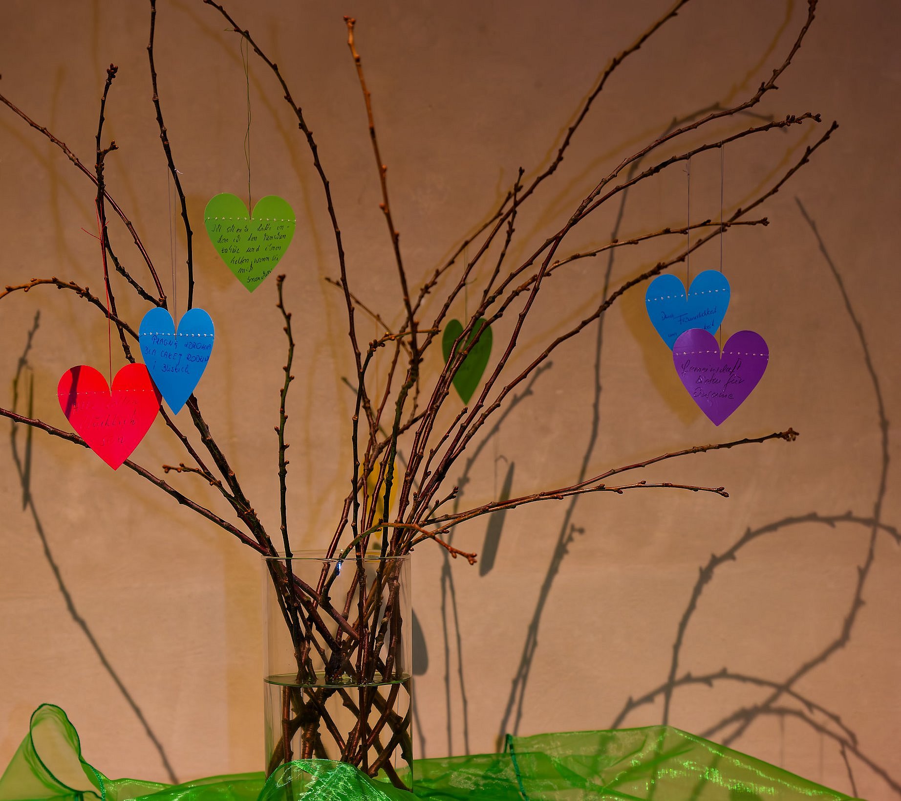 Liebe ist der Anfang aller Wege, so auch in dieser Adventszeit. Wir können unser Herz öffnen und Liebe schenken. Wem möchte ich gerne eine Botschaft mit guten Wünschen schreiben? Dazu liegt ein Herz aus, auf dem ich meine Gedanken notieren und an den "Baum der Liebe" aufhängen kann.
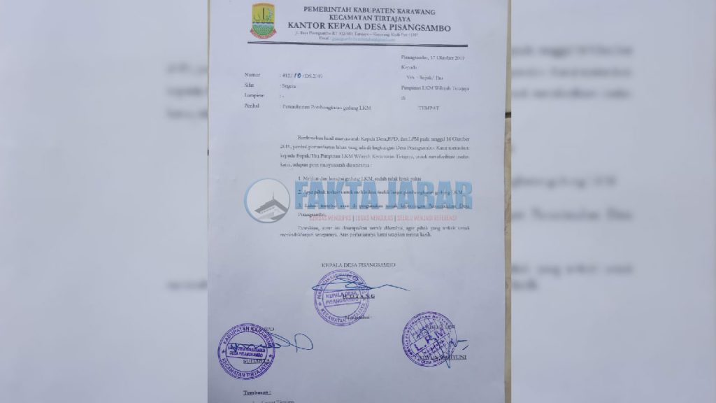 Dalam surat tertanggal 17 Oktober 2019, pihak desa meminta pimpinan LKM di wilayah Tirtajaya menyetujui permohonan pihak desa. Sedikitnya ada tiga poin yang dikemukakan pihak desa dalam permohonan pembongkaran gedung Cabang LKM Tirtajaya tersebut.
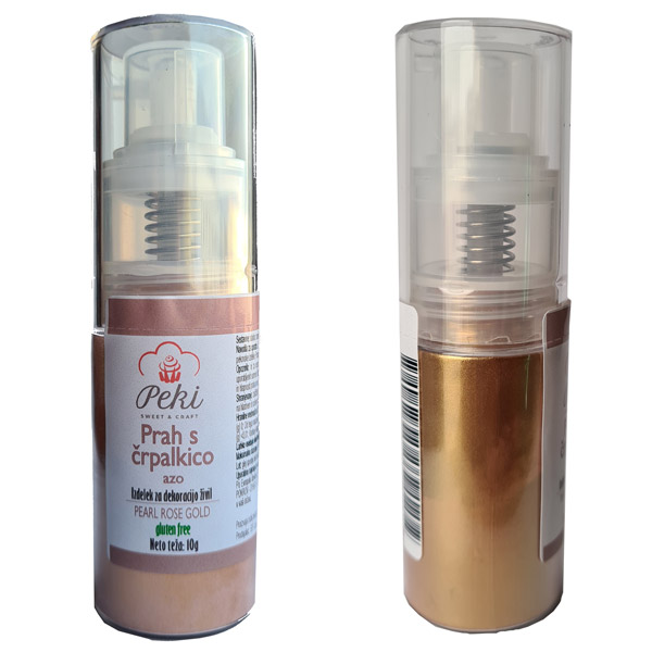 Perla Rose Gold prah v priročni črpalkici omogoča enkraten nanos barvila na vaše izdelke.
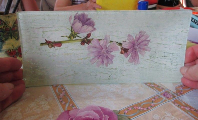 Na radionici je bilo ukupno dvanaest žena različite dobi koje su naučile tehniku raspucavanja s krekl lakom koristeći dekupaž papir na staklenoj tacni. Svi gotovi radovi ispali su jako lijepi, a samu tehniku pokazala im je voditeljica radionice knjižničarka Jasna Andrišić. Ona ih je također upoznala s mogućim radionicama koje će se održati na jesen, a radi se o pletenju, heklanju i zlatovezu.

▸ EXERCISE BRIEF: Repeat the listing above exactly from its first line to the line containing "Perla Rose Gold", both included, and omit the pictures.

▸ TASK ANSWER:
 Liebe ist der Anfang aller Wege, so auch in dieser Adventszeit. Wir können unser Herz öffnen und Liebe schenken. Wem möchte ich gerne eine Botschaft mit guten Wünschen schreiben? Dazu liegt ein Herz aus, auf dem ich meine Gedanken notieren und an den "Baum der Liebe" aufhängen kann.
 Dalam surat tertanggal 17 Oktober 2019, pihak desa meminta pimpinan LKM di wilayah Tirtajaya menyetujui permohonan pihak desa. Sedikitnya ada tiga poin yang dikemukakan pihak desa dalam permohonan pembongkaran gedung Cabang LKM Tirtajaya tersebut.
 Perla Rose Gold prah v priročni črpalkici omogoča enkraten nanos barvila na vaše izdelke.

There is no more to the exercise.